Comparing Garmin's Training Status And Strava's Fitness & Freshness


There is nothing new about using biometric data to estimate an athlete's level of "fitness." Researchers have been perfecting various measurements of fitness for over forty years. But it wasn't until the advent of the fitness tracker or GPS watch that the underlying equations behind these measurements could be applied to the average weekend warrior. You won't find this data in Samsung Health, and likely not in Apple Health either, because those companies are more interested in producing consumer products for people who like to count steps and receive phone calls through their wrists. The companies that are serious about competitive training, though, do provide us with this data.
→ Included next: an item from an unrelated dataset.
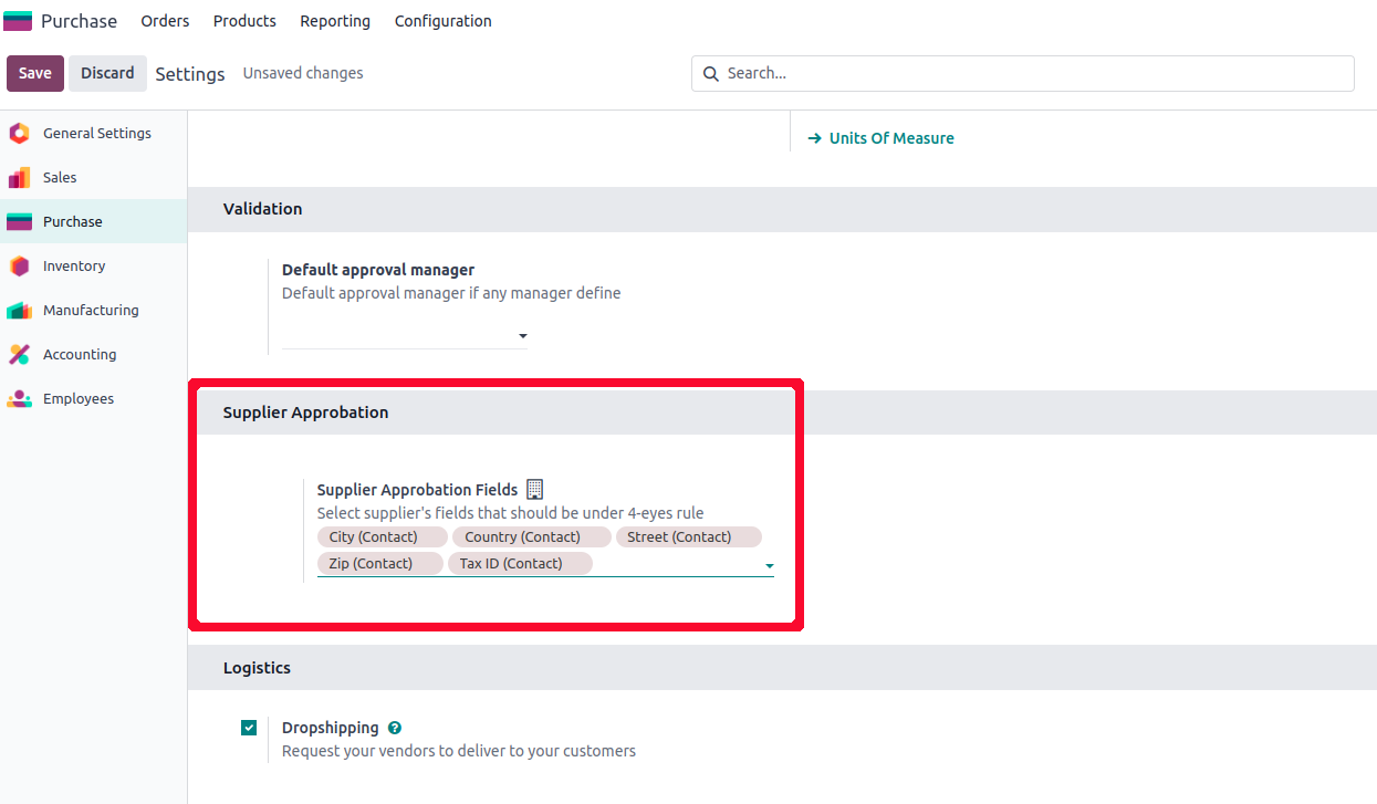 - When a critical field is modified for an approved supplier, it automatically returns to the 'To Approve' state. This implies that modifications to non-critical fields do not alter the supplier's status. It's noteworthy that users cannot approve their own modifications, even with sufficient access rights.

Every company that is interested in providing this kind of data to users has their own preferred approach. It is all more or less based on upon the same underlying principles, but it's served up slightly differently. The numbers mean slightly different things, depending on how they've been calculated. For our purposes here, I'll compare Garmin's "Training Status" and Strava's "Fitness & Freshness" measurements.

Both Training Status and Fitness & Freshness are calculated based primarily on moving averages of "Training Load," and both approaches are pretty interesting based on what the teams who designed them wanted to accomplish.

To be brief, "training load" is a measurement of how much exercise you've done recently, and how vigorous that exercise has been. "How much" is easy to determine simply by adding up how many hours, minutes, and seconds you've spent exercising over a given calendar period. "How vigorous" is a question that ultimately comes down to a physiologist's preferred measurement of workout intensity. Strava's team prefers to analyze heart rate data during exercise. The higher your heart rate, the harder you're exercising. Garmin's team, by contrast, prefers to measure exercising intensity with a slightly more technical analysis: excess post-exercise oxygen consumption (EPOC). To that end, my guess is that Garmin estimates EPOC by analyzing how long it takes the athlete to recovery from a given exercise session.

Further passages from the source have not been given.